VARselect(vardata, lag.max = 9, type = "both", season=4)
## $selection
## AIC(n) HQ(n) SC(n) FPE(n)
## 2 1 1 2
##
## $criteria
## 1 2 3 4
## AIC(n) -1.573679e+01 -1.580052e+01 -1.561701e+01 -1.542691e+01
## HQ(n) -1.542850e+01 -1.537662e+01 -1.507750e+01 -1.477178e+01
## SC(n) -1.495971e+01 -1.473204e+01 -1.425712e+01 -1.377561e+01
## FPE(n) 1.468800e-07 1.385142e-07 1.679024e-07 2.059033e-07
## 5 6 7 8
## AIC(n) -1.534359e+01 -1.528366e+01 -1.520204e+01 -1.517417e+01
## HQ(n) -1.457286e+01 -1.439732e+01 -1.420008e+01 -1.405661e+01
## SC(n) -1.340089e+01 -1.304956e+01 -1.267653e+01 -1.235726e+01
## FPE(n) 2.283760e-07 2.493967e-07 2.810094e-07 3.035711e-07
## 9
## AIC(n) -1.504246e+01
## HQ(n) -1.380928e+01
## SC(n) -1.193414e+01
## FPE(n) 3.690039e-07
The output above illustrates the lag length selected by all the criteria in the VARS package. VAR(1) was selected by SC as well as HQ, while VAR(2) was selected by AIC and FPE. Since there is a discrepancy, we will fit VAR(1) first.

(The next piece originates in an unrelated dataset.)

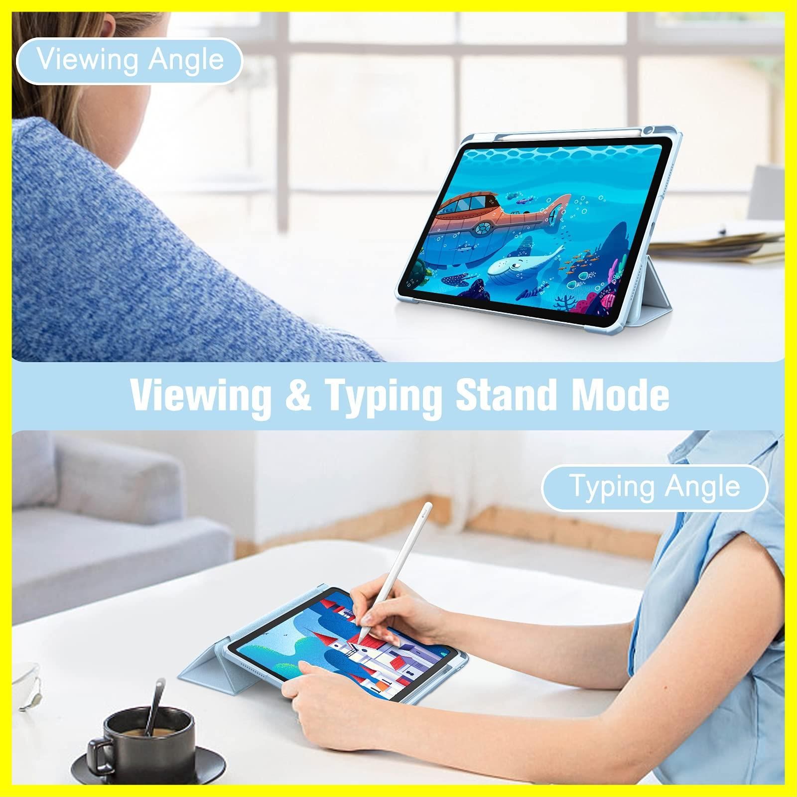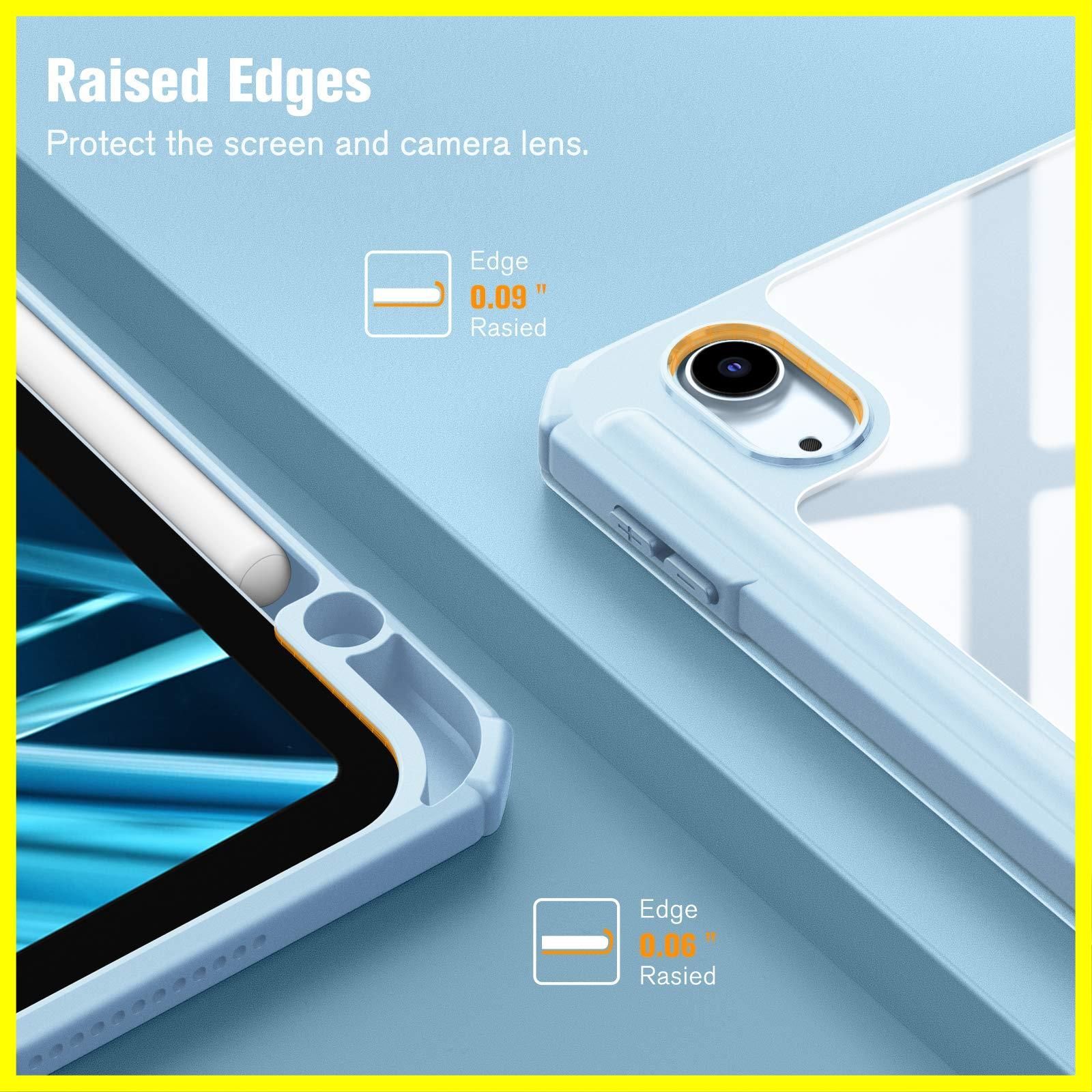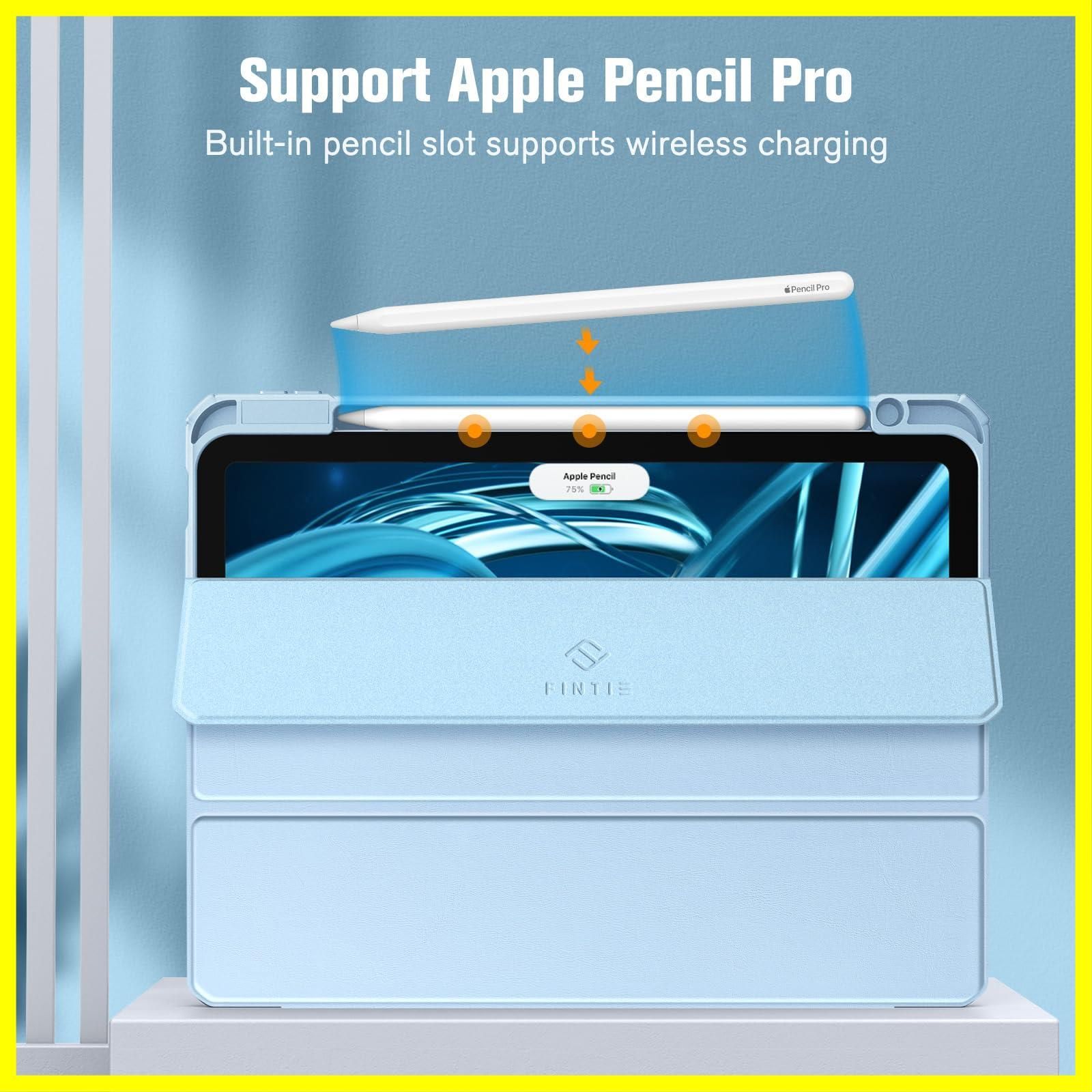 Fintie iPad Air 11インチ ケース M3 (2025 第7世代) / M2 (2024 第6世代) / Air 5/4 ケース 2022/2020 10.9 インチ 透明バックカバー Apple Pencil 収納可能 ワイヤレス充電対応 三つ折スタンド スリープ機能 軽量 薄型 傷つけ防止 PU合成レザー TPU(スカイブルー)
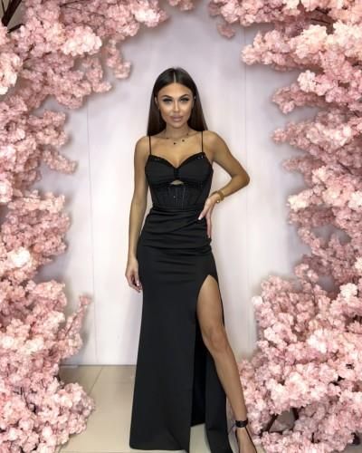 Zjawiskowa długa sukienka z rozporkiem eksponującym lewą nogę. Sukienka wykonana z miękkiego elastycznego materiału, góra gorsetowa usztywniana z wszytymi miseczkami oraz możliwością doczepienia ramiączek. Na biuście marszczenia, ozdobione koralikami. Fikuśny prześwit pod biustem ozdobiony …

var1 <- VAR(vardata, p=1, type="both", season=4)
serial.test(var1, lags.pt=16, type="PT.asymptotic")
##
## Portmanteau Test (asymptotic)
##
## data: Residuals of VAR object var1
## Chi-squared = 108.84, df = 135, p-value = 0.9523
var2 <- VAR(vardata, p=2, type="both", season=4)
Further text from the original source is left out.